While our existing system could tolerate some data loss due to limited application usage, the new features had stricter requirements for data-loss prevention. Thus, we sought alternatives that enabled isolated fault tolerance for each consumer, allowing them to operate independently in case of failures. We developed an event-driven pipeline that was highly durable, scalable, and capable of data replay.

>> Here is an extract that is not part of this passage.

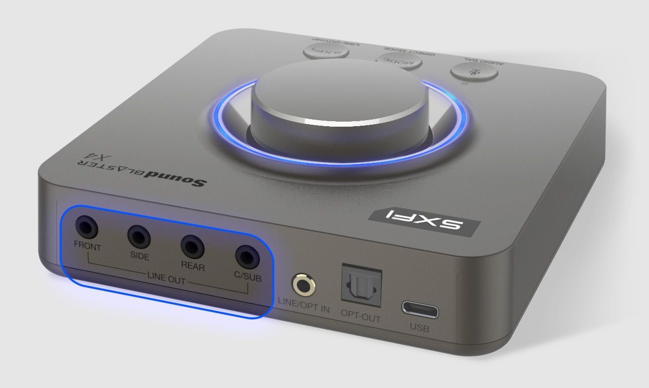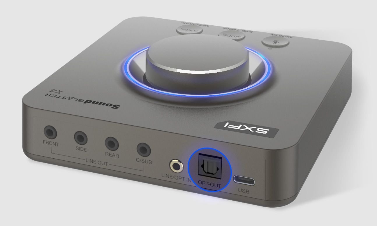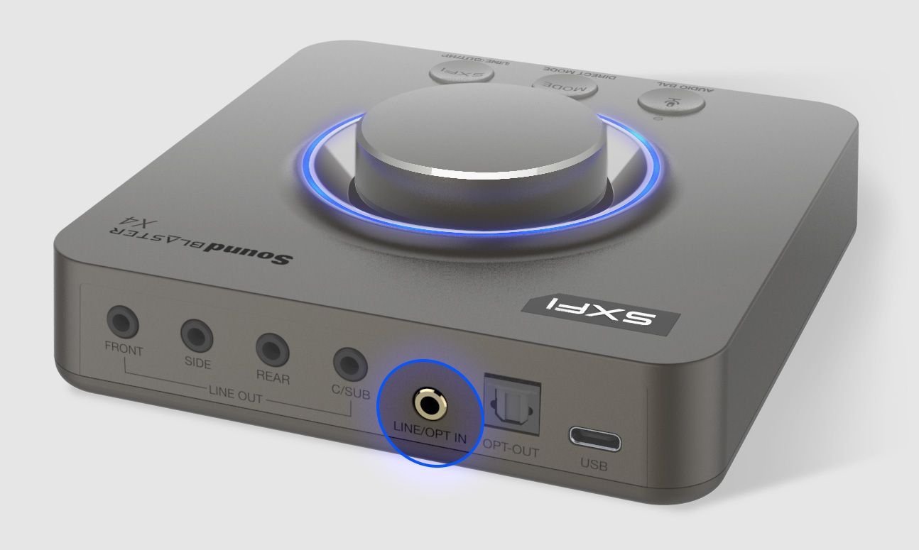 Posłuchaliśmy opinii użytkowników: w zewnętrznej karcie Sound Blaster X4 jest teraz dostępne wejście optyczne. Dzięki karcie Sound Blaster X4 i jej 7 złączom wejścia / wyjścia podłączenie wielu urządzeń audio jest teraz znacznie łatwiejsze! Od mikrofonów zewnętrznych i zestawów słuchawkowych po platformy takie jak komputer PC, Mac, konsole do gier, a nawet wielokanałowe systemy głośników — praktycznie przekształca to konfigurację biurkową w koncentrator audio.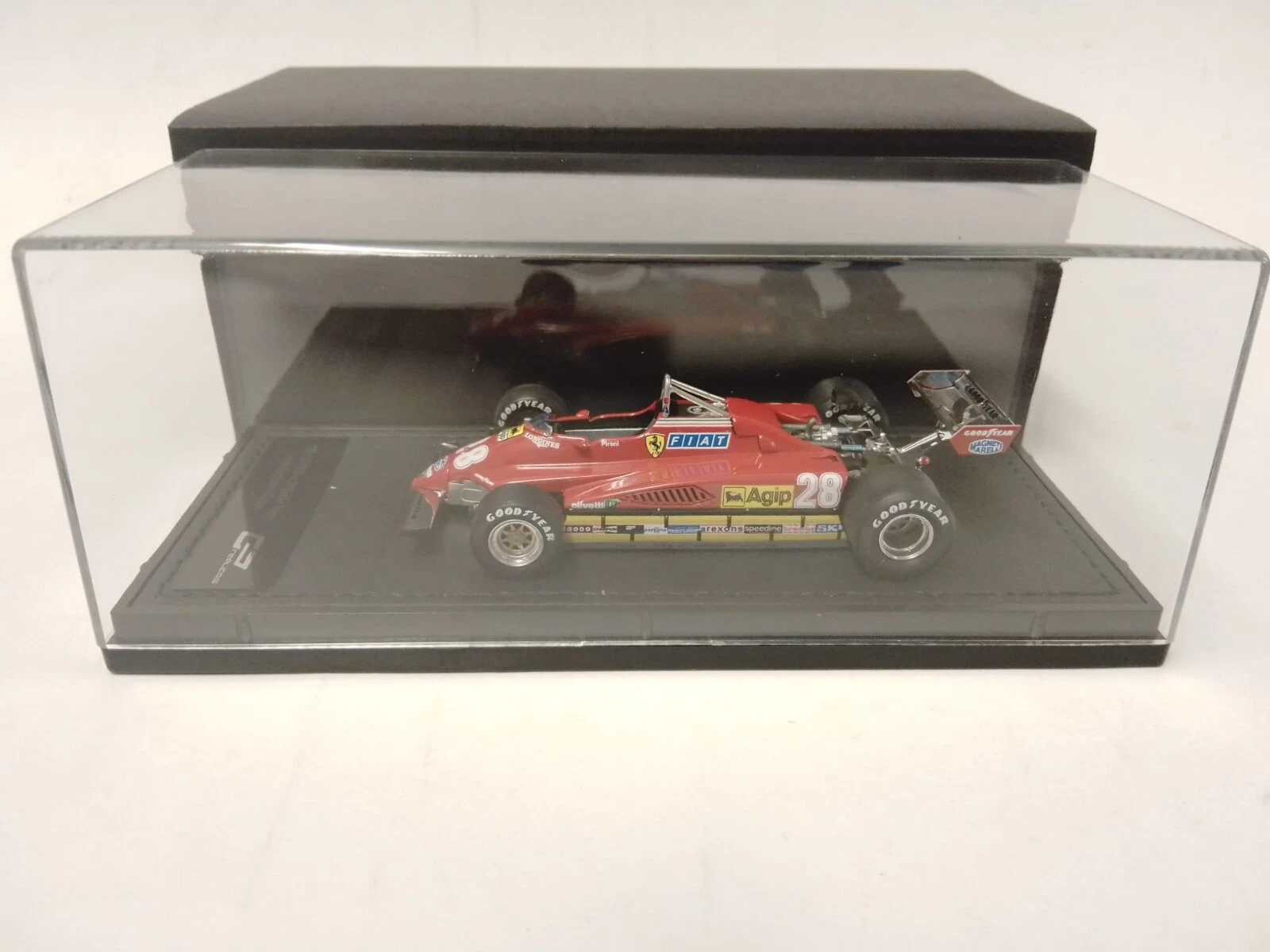 The text provided describes a specific limited edition model car: the Didier Pironi Ferrari 126C2, car number 28, which won the 1982 San Marino GP

Consequently, we upgraded our ingestion capacity from approximately 1 TB to over 100 TB daily.

Solution

Our updated architecture, as depicted in the diagram below, integrates Amazon Kinesis Data Streams, AWS Lambda, and Amazon Kinesis Data Firehose to support the emerging use cases.

Key Components of the Design:

  • Mobile clients using the LaunchDarkly SDK for feature flag evaluations
  • Application Load Balancer (ALB) for traffic distribution to Amazon EC2 instances
  • Amazon EC2 nodes running a Go application that streams data to Amazon Kinesis Data Streams
  • Amazon Kinesis Data Streams for durable data persistence
  • AWS Lambda for transforming and writing data to various databases
  • Amazon OpenSearch Service for tracking user data
  • Amazon ElastiCache for managing flag statuses
  • Amazon Kinesis Firehose for batching flag evaluation data and writing it to Amazon S3
  • Amazon S3 for storing flag evaluation data

The data flow commences with the LaunchDarkly SDK sending data to the events API, supported by an ALB that directs traffic to a fleet of EC2 servers. These servers subsequently persist data to Amazon Kinesis Data Streams. Lambda functions read from the streams to transform and store data in different formats across several databases. This design prioritizes three critical properties:

  • Durability: Ensuring no data loss during processing issues.
  • Isolation: Preventing failures in one consumer from impacting others.
  • Data Replay: Facilitating debugging of data anomalies through retroactive fixes.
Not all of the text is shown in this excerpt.